### SOURCE MATERIAL
/---

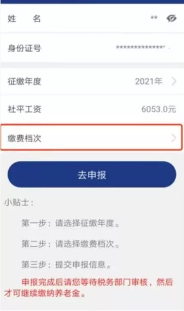 (3)点击“缴费档次”选项,选择对应档次。点击“去申报”按钮。
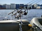 Nieuw rvs (meerval ) hengelsteunen voor 1, 2 of 3 hengels. Deze zijn makkelijk aan de spiegel te bevestigen en leunt met de arm op
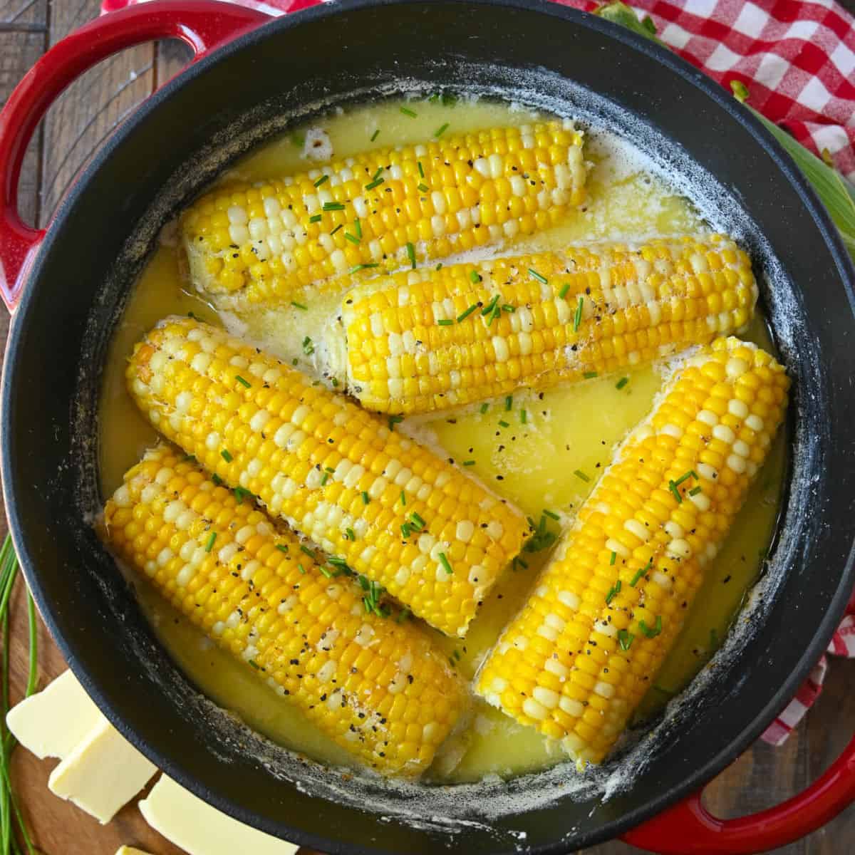 Hervir el maíz fresco de verano en el baño de leche y mantequilla le da un sabor dulce y la adición de azúcar realza aún más esa dulzura natural. Obtenga maíz dulce infundido con un rico y cremoso sabor a mantequilla que a todos les encantará y será su nueva forma favorita. O puedes probar el mio Elote asado o incluso el mío rápido y fácil Maíz al microondas (sin pelar).

\---

### YOUR GOAL
All of the data is to be reproduced exactly, with the pictures left out.

### WRITTEN ANSWER
 (3)点击“缴费档次”选项,选择对应档次。点击“去申报”按钮。
 Nieuw rvs (meerval ) hengelsteunen voor 1, 2 of 3 hengels. Deze zijn makkelijk aan de spiegel te bevestigen en leunt met de arm op
 Hervir el maíz fresco de verano en el baño de leche y mantequilla le da un sabor dulce y la adición de azúcar realza aún más esa dulzura natural. Obtenga maíz dulce infundido con un rico y cremoso sabor a mantequilla que a todos les encantará y será su nueva forma favorita. O puedes probar el mio Elote asado o incluso el mío rápido y fácil Maíz al microondas (sin pelar).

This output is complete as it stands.